**** Information provided ****

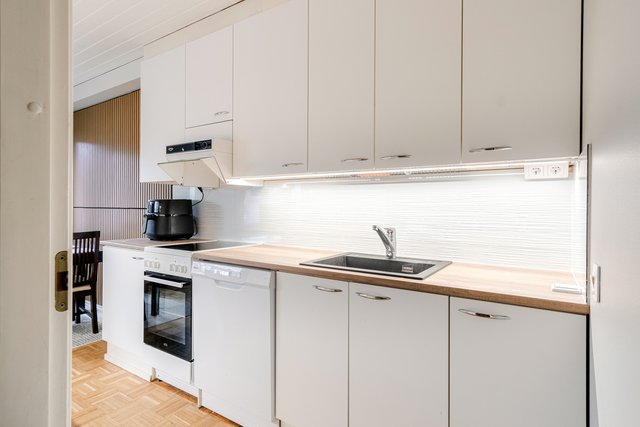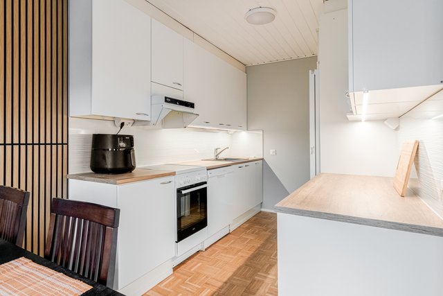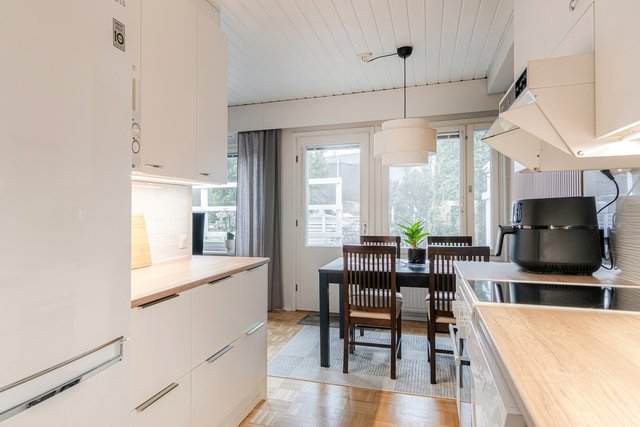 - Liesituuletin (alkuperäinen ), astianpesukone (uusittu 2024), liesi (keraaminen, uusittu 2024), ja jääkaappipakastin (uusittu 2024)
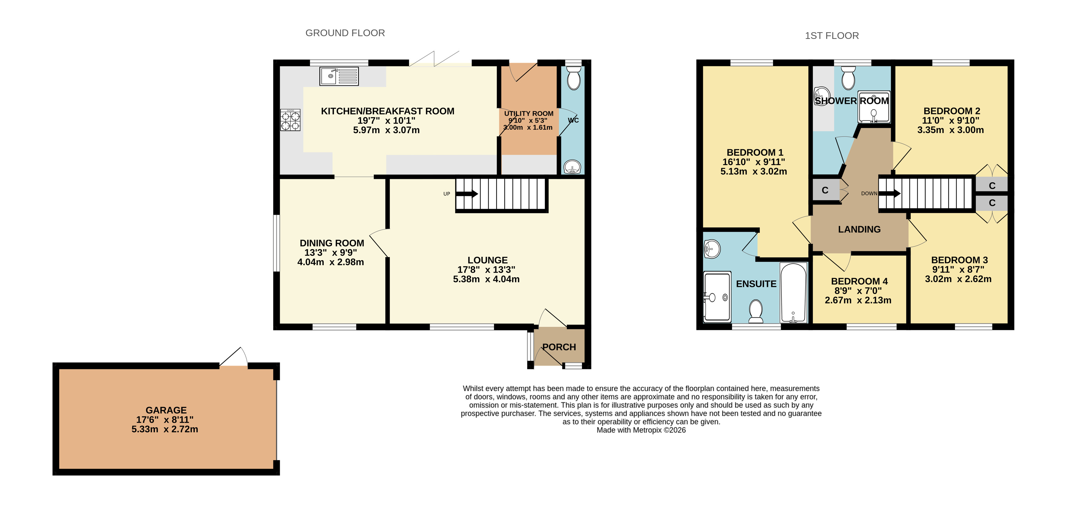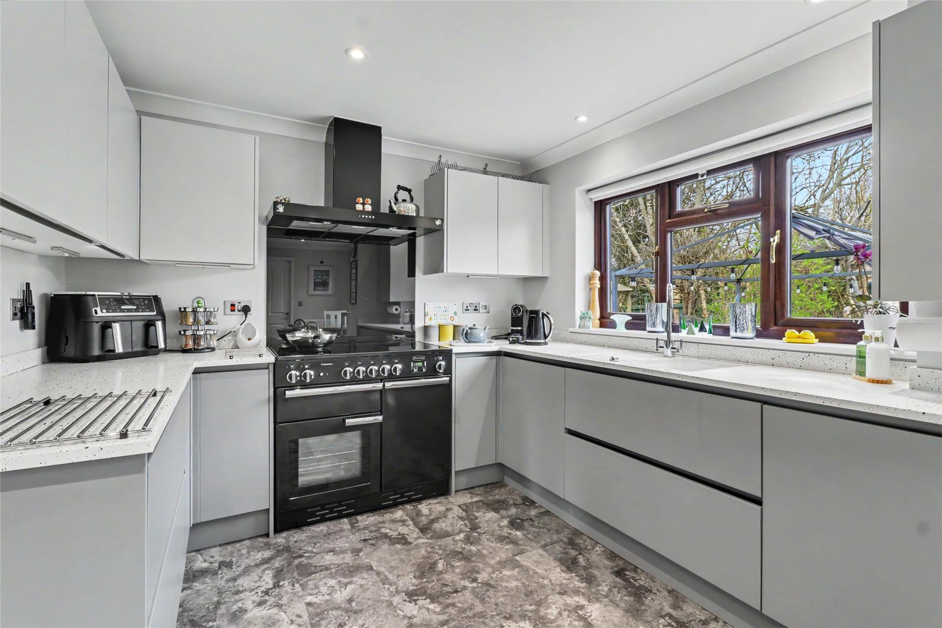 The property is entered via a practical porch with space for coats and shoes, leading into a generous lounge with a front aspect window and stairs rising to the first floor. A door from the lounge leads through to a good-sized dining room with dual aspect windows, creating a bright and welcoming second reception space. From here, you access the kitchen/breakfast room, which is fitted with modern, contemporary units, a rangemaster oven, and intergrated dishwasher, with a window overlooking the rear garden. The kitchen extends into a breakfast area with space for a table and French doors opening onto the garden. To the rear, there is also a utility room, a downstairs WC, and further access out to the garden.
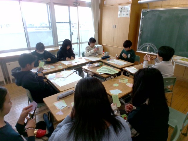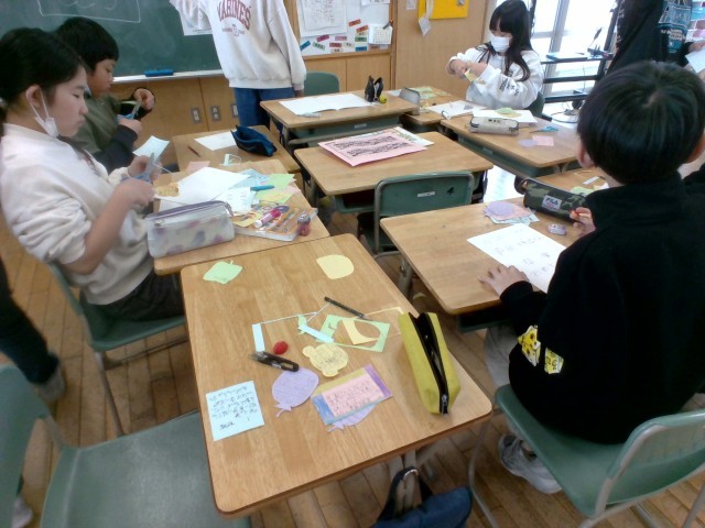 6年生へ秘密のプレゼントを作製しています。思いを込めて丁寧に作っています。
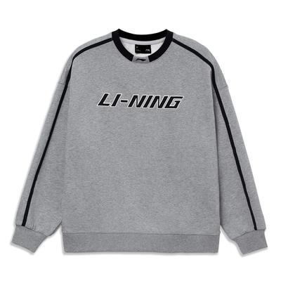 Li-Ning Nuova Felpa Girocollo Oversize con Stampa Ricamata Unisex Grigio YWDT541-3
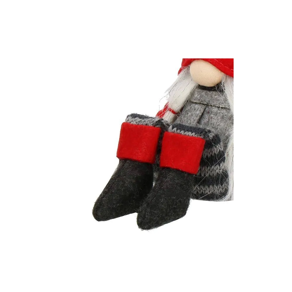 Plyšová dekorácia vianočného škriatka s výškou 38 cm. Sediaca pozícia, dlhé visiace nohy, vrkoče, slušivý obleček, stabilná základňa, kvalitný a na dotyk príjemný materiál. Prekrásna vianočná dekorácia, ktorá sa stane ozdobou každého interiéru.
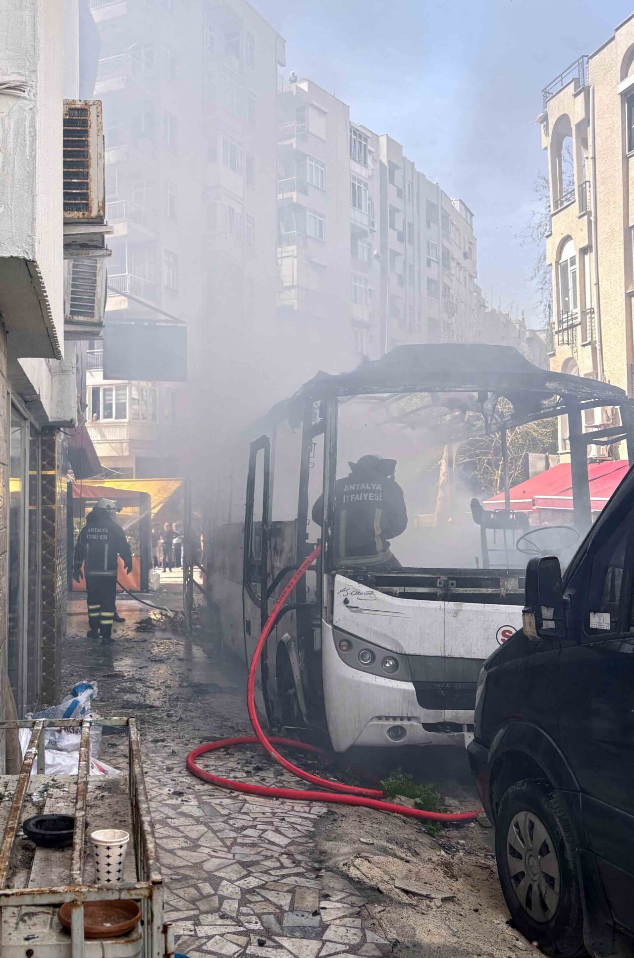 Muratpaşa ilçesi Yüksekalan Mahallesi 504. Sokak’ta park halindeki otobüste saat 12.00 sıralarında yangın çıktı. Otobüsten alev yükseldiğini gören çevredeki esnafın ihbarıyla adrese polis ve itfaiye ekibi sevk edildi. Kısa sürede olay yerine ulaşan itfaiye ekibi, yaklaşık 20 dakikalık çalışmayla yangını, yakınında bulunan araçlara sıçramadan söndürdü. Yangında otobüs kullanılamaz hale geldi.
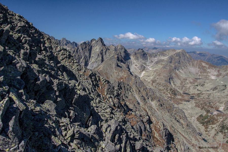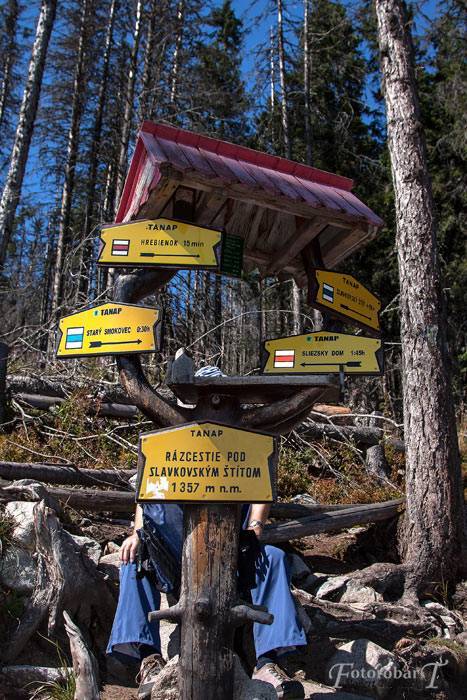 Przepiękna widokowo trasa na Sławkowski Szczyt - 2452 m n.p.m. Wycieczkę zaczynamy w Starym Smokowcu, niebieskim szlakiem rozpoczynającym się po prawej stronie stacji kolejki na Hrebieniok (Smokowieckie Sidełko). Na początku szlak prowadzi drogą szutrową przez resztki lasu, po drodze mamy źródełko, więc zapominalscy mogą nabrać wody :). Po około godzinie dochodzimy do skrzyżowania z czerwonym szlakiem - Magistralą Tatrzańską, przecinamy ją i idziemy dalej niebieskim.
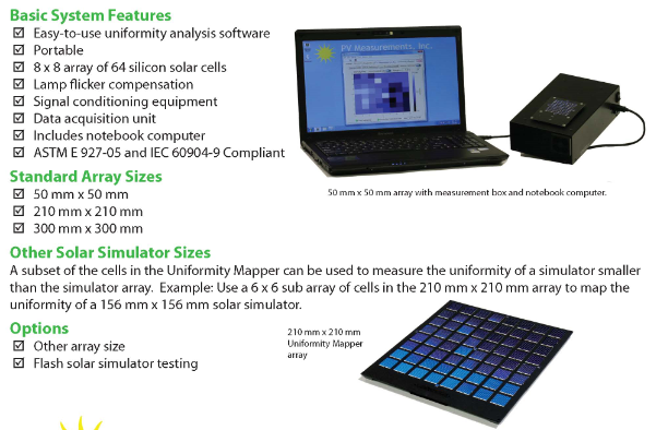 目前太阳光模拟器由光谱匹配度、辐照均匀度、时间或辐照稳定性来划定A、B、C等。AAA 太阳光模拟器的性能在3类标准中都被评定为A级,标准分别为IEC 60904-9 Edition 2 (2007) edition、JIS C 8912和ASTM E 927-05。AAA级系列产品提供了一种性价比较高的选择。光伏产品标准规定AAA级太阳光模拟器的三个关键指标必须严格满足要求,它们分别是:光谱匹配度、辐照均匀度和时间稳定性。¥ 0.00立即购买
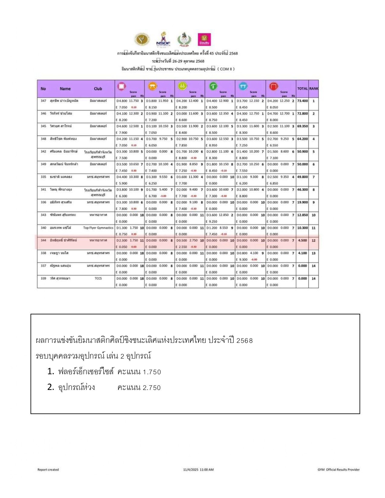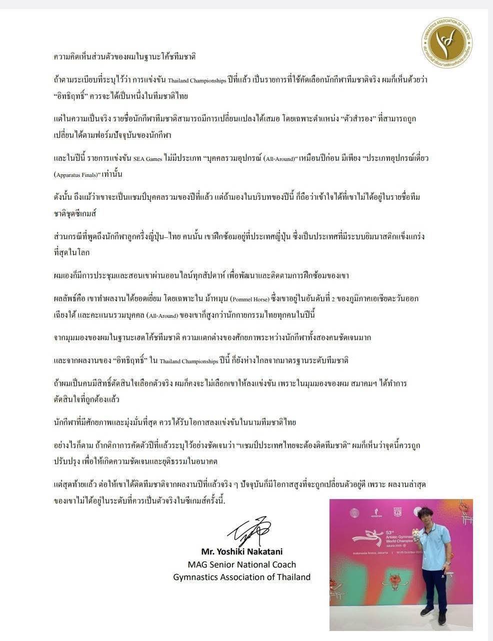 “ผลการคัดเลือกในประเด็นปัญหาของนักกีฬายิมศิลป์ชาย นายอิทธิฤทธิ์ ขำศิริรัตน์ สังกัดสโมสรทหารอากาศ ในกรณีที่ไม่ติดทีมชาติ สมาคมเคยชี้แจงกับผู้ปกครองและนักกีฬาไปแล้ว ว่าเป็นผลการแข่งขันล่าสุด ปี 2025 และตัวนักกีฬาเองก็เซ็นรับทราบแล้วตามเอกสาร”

****

§ Activity:
Only the lines from the one that contains "太阳光模拟器的性能在3类标准中都被评定为A级,标准分别为IEC 60904-9 Edition" through the last line of the records may appear in the answer, retyped exactly and with no pictures.

§ Exercise output:
 目前太阳光模拟器由光谱匹配度、辐照均匀度、时间或辐照稳定性来划定A、B、C等。AAA 太阳光模拟器的性能在3类标准中都被评定为A级,标准分别为IEC 60904-9 Edition 2 (2007) edition、JIS C 8912和ASTM E 927-05。AAA级系列产品提供了一种性价比较高的选择。光伏产品标准规定AAA级太阳光模拟器的三个关键指标必须严格满足要求,它们分别是:光谱匹配度、辐照均匀度和时间稳定性。¥ 0.00立即购买
 “ผลการคัดเลือกในประเด็นปัญหาของนักกีฬายิมศิลป์ชาย นายอิทธิฤทธิ์ ขำศิริรัตน์ สังกัดสโมสรทหารอากาศ ในกรณีที่ไม่ติดทีมชาติ สมาคมเคยชี้แจงกับผู้ปกครองและนักกีฬาไปแล้ว ว่าเป็นผลการแข่งขันล่าสุด ปี 2025 และตัวนักกีฬาเองก็เซ็นรับทราบแล้วตามเอกสาร”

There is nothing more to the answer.